I just need to combine the two...

Saturday, 5 May 2012

java sound: midi and sampled streams played together

I've been playing around with my home Karaoke system. This has included decoding my Songken DKD disk. Once I did that, I wanted to emulate the behaviour of my Malata Karaoke player: playing the Midi files, showing the lyrics and also showing in a bar graph the notes that should be sung and the notes the performer is actually singing.

This requires processing files of Midi data, handling the soundcard microphone input and speaker output and using a GUI to show everything. Java Sound looks like a perfect choice for this as it can do all these things. (Although Oracle's custodianship of Java and their outrageous API copyright claims makes it increasingly difficult to justify starting a new project using Java.)

Playing a file of Midi data is easy:

    try {
        Sequence sequence = MidiSystem.getSequence(midiFile);
        Sequencer sequencer = MidiSystem.getSequencer();
        sequencer.open();
        sequencer.setSequence(sequence);
        sequencer.start();
    } catch (Exception e) {...}

Copying sound from the microphone to the speaker is a bit harder.

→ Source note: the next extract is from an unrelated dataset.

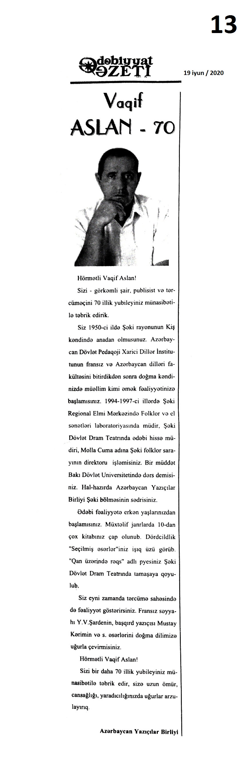 PUBLİSİSTİKA 348. İdrisoğlu, A. Böyüklərin gözü, uşaqların sözü ilə // Azad Azərbaycan.- 2020.- 9 iyun.- S.7. 349. Qəni, E. İşıq adam – Yazı: [professor, jurnalist Cahangir Məmmədli haqqında] // 525-ci qəzet.- 2020.- 24 iyun.- S.17-18. 350. Zeynal, Ə. Azərbaycanın 100 il əvvəlki parlament jurnalistləri: Fərhad Ağazadə haqqında bilmədiklərimiz: [ictimai xadim haqqında] // Türküstan.- 2020.- 23-29 iyun.- S.13.

You have to set up TargetDataLine to read bytes from the microphone, set up a SourceDataLine to send bytes to the speaker and then copy bytes from the target to the source (yes, that's the correct way though the nomenclature is strange, copying from the target of the input mixer to the source of the output mixer) [based on code by Matthias Pfisterer]:

    private static AudioFormat getAudioFormat(){
        float sampleRate = 44100.0F;
        //8000,11025,16000,22050,44100
        int sampleSizeInBits = 16;
        //8,16
        int channels = 1;
        //1,2
        boolean signed = true;
        //true,false
        boolean bigEndian = false;
        //true,false
        return new AudioFormat(sampleRate,
                   sampleSizeInBits,
                   channels,
                   signed,
                   bigEndian);
    }//end getAudioFormat

    public void playAudio() throws Exception {
        AudioFormat audioFormat;
        TargetDataLine targetDataLine;

        audioFormat = getAudioFormat();
        DataLine.Info dataLineInfo =
            new DataLine.Info(
                  TargetDataLine.class,
                  audioFormat);
        targetDataLine = (TargetDataLine)
            AudioSystem.getLine(dataLineInfo);

        targetDataLine.open(audioFormat,
                audioFormat.getFrameSize() * FRAMES_PER_BUFFER);
        targetDataLine.start();

        playAudioStream(new AudioInputStream(targetDataLine));
    } // playAudioFile

    /** Plays audio from the given audio input stream. */
    public void playAudioStream( AudioInputStream audioInputStream ) {
        // Audio format provides information like sample rate, size, channels.
        AudioFormat audioFormat = audioInputStream.getFormat();

        // Open a data line to play our type of sampled audio.
        // Use SourceDataLine for play and TargetDataLine for record.
        DataLine.Info info = new DataLine.Info( SourceDataLine.class,
             audioFormat );
        if ( !AudioSystem.isLineSupported( info ) ) {
            System.out.println( "Play.playAudioStream does not handle this type of audio on this system." );
            return;
        }

        try {
             SourceDataLine dataLine = (SourceDataLine) AudioSystem.getLine( info );

            dataLine.open( audioFormat,
               audioFormat.getFrameSize() * FRAMES_PER_BUFFER);

            // Allows the line to move data in and out to a port.
            dataLine.start();

            // Create a buffer for moving data from the audio stream to the line.
            int bufferSize = (int) audioFormat.getSampleRate() *
            audioFormat.getFrameSize();
            bufferSize = audioFormat.getFrameSize() * FRAMES_PER_BUFFER;
            // See http://docs.oracle.com/javase/6/docs/technotes/guides/sound/programmer_guide/chapter5.html
            // for recommendation about buffer size
            byte [] buffer = new byte[bufferSize / 5];

            // Move the data until done or there is an error.
            try {
                int bytesRead = 0;
                while ( bytesRead >= 0 ) {
                    bytesRead = audioInputStream.read( buffer, 0, buffer.length );
                    if ( bytesRead >= 0 ) {
                        int framesWritten = dataLine.write( buffer, 0, bytesRead );
                    }
                } // while
            } catch ( IOException e ) {
                e.printStackTrace();
            }
          dataLine.drain();


            dataLine.close();
        } catch ( LineUnavailableException e ) {
            e.printStackTrace();
      }
    } // playAudioStream

Now both of those work okay, picking up default devices, mixers, data lines, etc. You have to be careful running the copy code from microphone to speaker - you can set up a howling feedback loop between your laptop's microphone and speaker if you don't use, say, headphones.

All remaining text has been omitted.